What makes the difference between a passing and failing checklist
Three details EHOs notice immediately:
- The same handwriting / pen colour every day — one person filling in the whole week, retroactively, on Friday afternoon. Inspector spots this in 30 seconds.
- No corrective actions, ever — checklists with 100% green ticks for three months running. Real kitchens have hiccups; missing them in the records means either nothing happens (not credible) or things happen and don't get logged (worse).
- Generic checklist that doesn't match the kitchen — if your checklist says "check the rotisserie temperature" and you haven't owned a rotisserie since 2024, you're not actually using the document.
Linking checklists to the wider food safety system
Opening and closing checklists are the operating layer of your wider HACCP plan.

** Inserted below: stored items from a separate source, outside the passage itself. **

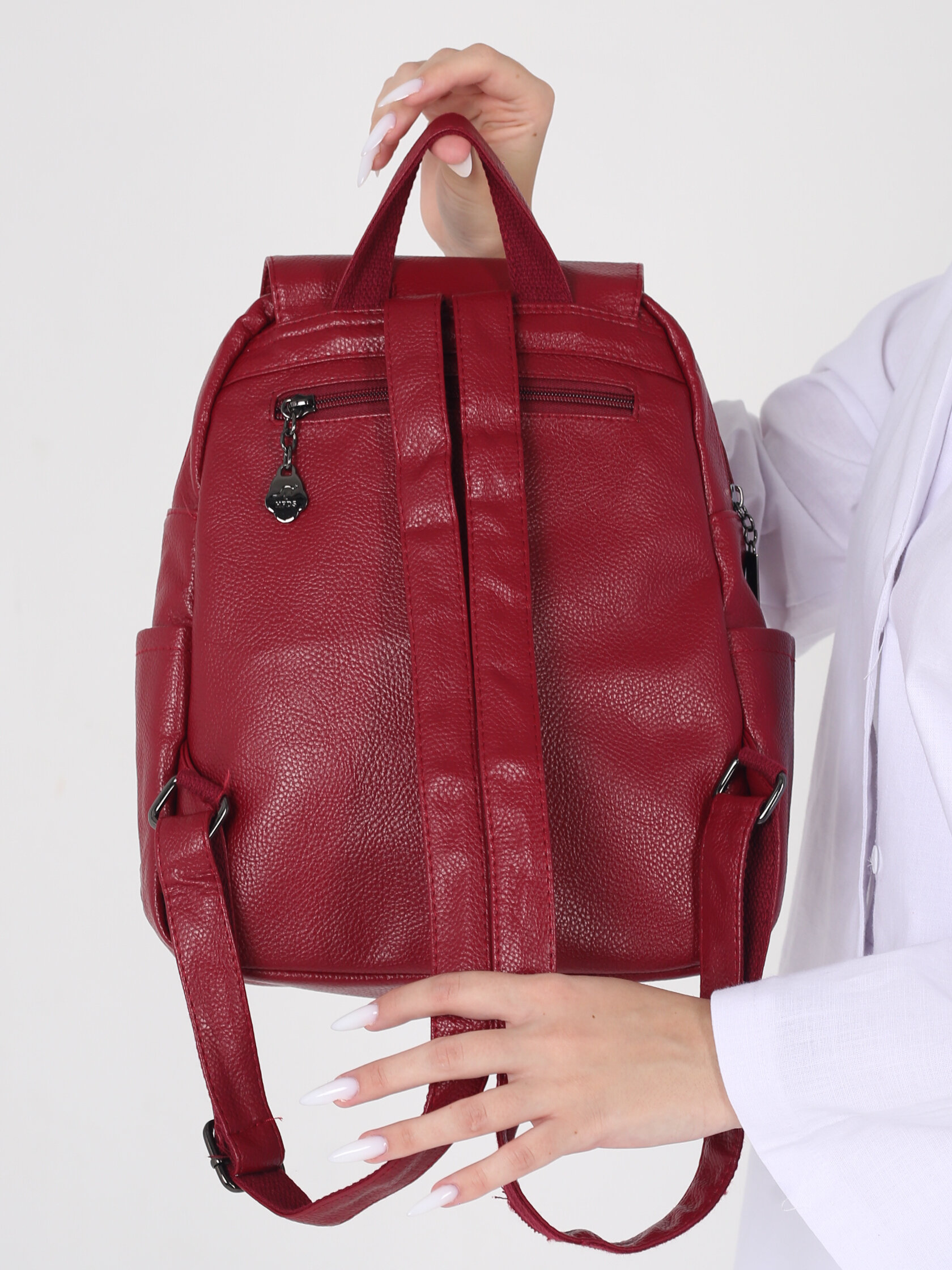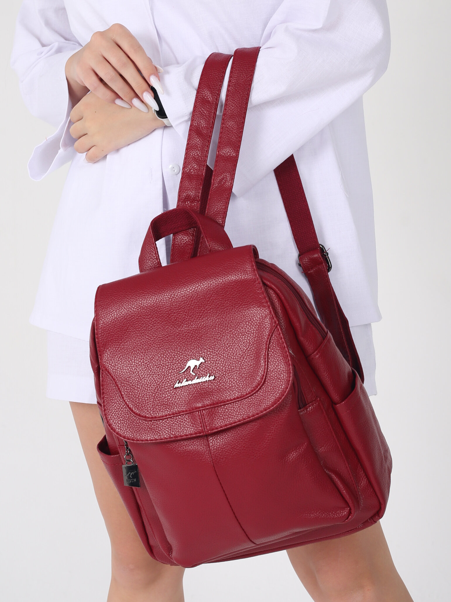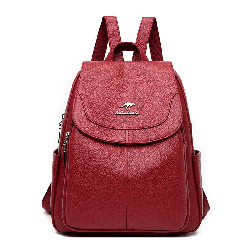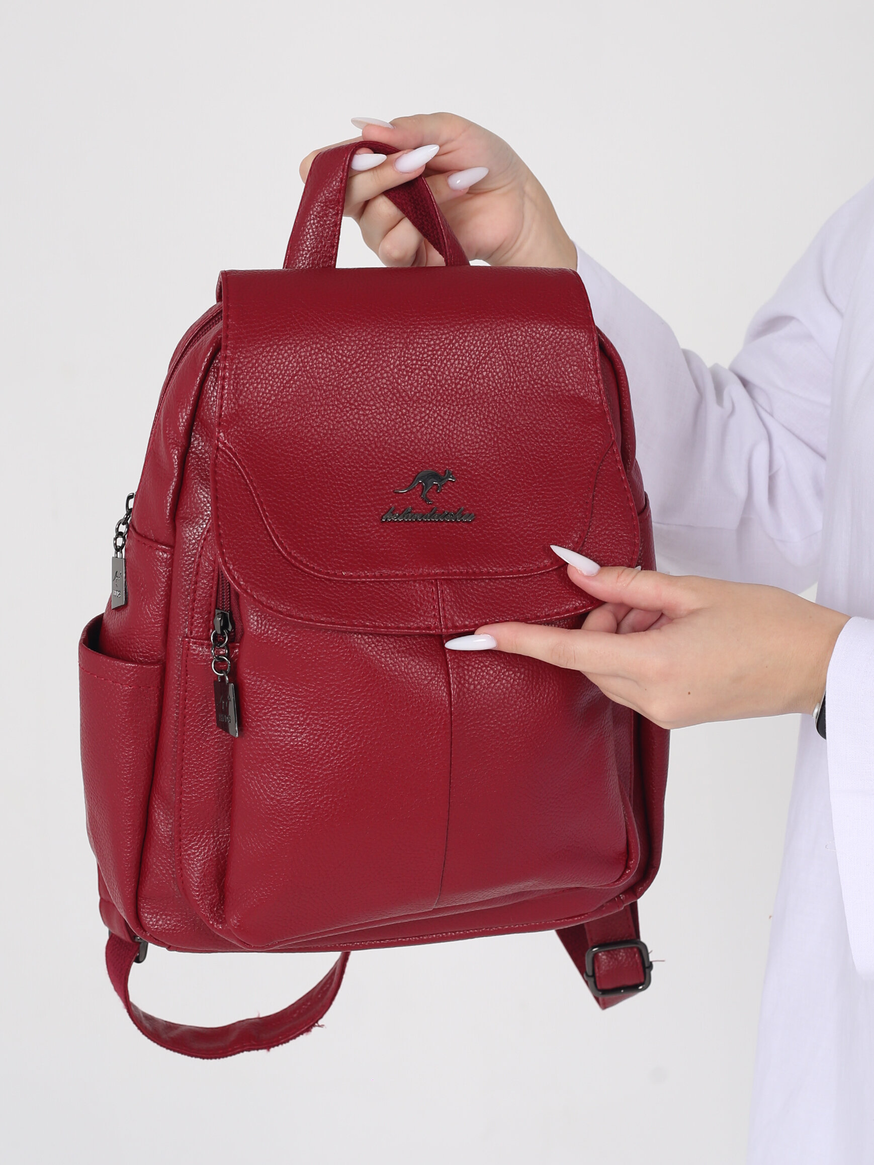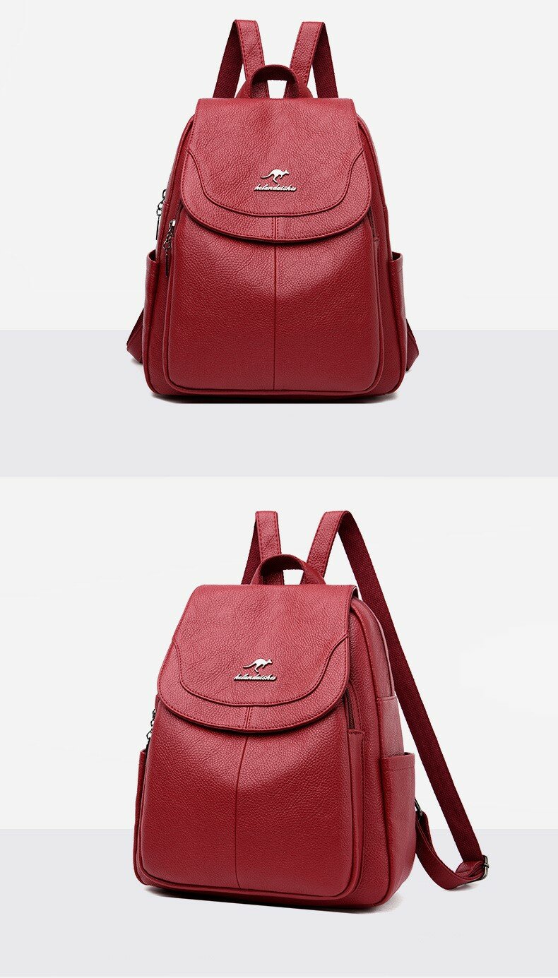 Рюкзак женский кожаный, красный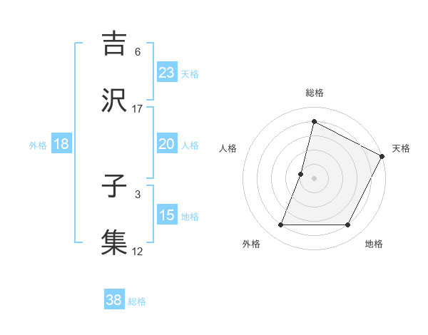 吉沢 子集さんの天格は23画の5点!
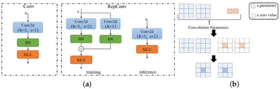 Before each stage of the backbone performs feature extraction, the input feature map is downsampled to reduce the computational load of the subsequent network. However, downsampling reduces the resolution and inevitably loses some detailed information, which is not conducive to positioning aircraft targets. As shown in Figure 4a, the basic Conv block is downsampled by convolution with kernel 3 and stride 2, followed by the BN layer and SiLU activation function to maintain better gradient transfer. To better retain feature information during downsampling, this paper introduces a structural re-parameterization technique of RepVGG [] to optimize the Conv block. The core idea of the structural re-parameterization technique is that the network realizes the equivalent conversion of the structure through the equivalent conversion of parameters. Specifically, a set of branches with a convolution kernel size of 1 are added to the original Conv block during model training. The RepConv block is formed to increase the diversity of downsampling, and the parameters of the added branch are fused into the Conv block using the re-parameterization technique during inference so that the structure of the inference is the same as that of the Conv block, which enhances the capability of the model without affecting the detection speed. Convolution in deep learning is a cross-correlation operation. Since this operation is linear, the parameters of the convolution kernel increase with additivity. Figure 4b shows the simplified RepConv re-parameterization process. During inference, firstly, the BN layer is just a simple linear mapping, and its parameters can be directly added to the convolution kernel to improve the inference speed. It can be assumed that the number of channels in the input feature map X is 1, and the number of channels after downsampling by RepConv is 2. Then, use and to represent the weight parameters of the 3 × 3 and 1 × 1 convolutional layers, respectively. For a 1 × 1 convolution kernel, it can be equated to a special 3 × 3 convolution kernel with only non-zero values at the center. So that the weights of the convolution layers of the two branches can be summed up by channels and the summed weights can be denoted as , this paper uses “*” to represent the convolution operation; then, this process can be represented by Formula (2):

They're how the controls in your plan get monitored on a daily, person-by-person basis. A clean and consistent checklist record is the strongest argument you'll make for the confidence-in-management pillar of your hygiene rating.
Cleaning sign-offs at opening and closing should reference the deeper cleaning schedule — the schedule is what you do, the checklist is what you confirm got done.
Build your own template with the free opening & closing checklist builder — pick a cafe / takeaway / bakery starter and customise.
Common opening/closing checklist failures
- One paper sheet for the week, with one signature box per day — no granularity if multiple staff worked that day
- Checklist not visible from the relevant station (closing checklist hidden in the manager's office)
- Tasks too vague ("clean the kitchen") — not auditable
- Tasks that only the manager could do, on a checklist used by part-time staff
- No corrective action mechanism — just tick or don't tick
- Checklist hasn't been updated since you bought a new piece of equipment six months ago
A word on shift handover
The strongest argument for a working checklist isn't compliance — it's preventing the conversation that starts "the closer didn't…". A signed closing checklist is evidence; a signed opening checklist is the next-day verification. Together they form a proper handover between shifts. The EHO benefit is downstream of an actual operational benefit.
Checklist for a passing inspection
- Opening checklist covers temperature checks, hand-wash readiness, FIFO check, fitness-to-work, allergen access
- Closing checklist covers temperature checks, food storage, cleaning, equipment off, security
- Both checklists are signed by the person who did them, on the day they were done
- Multiple staff initials show real shift coverage, not one person filling everything in
- Corrective actions appear when something legitimately went wrong
- Checklists match the actual kitchen — equipment, stations, layout
One thing to do today
Stand at the front door of the cafe. Walk through your typical morning routine, writing down every check you'd want done before the first customer. That's your opening checklist starter. The free opening & closing checklist tool turns it into a printable A4 sheet with sign-off boxes; print it, stick it where the opener can see it, and from tomorrow start signing.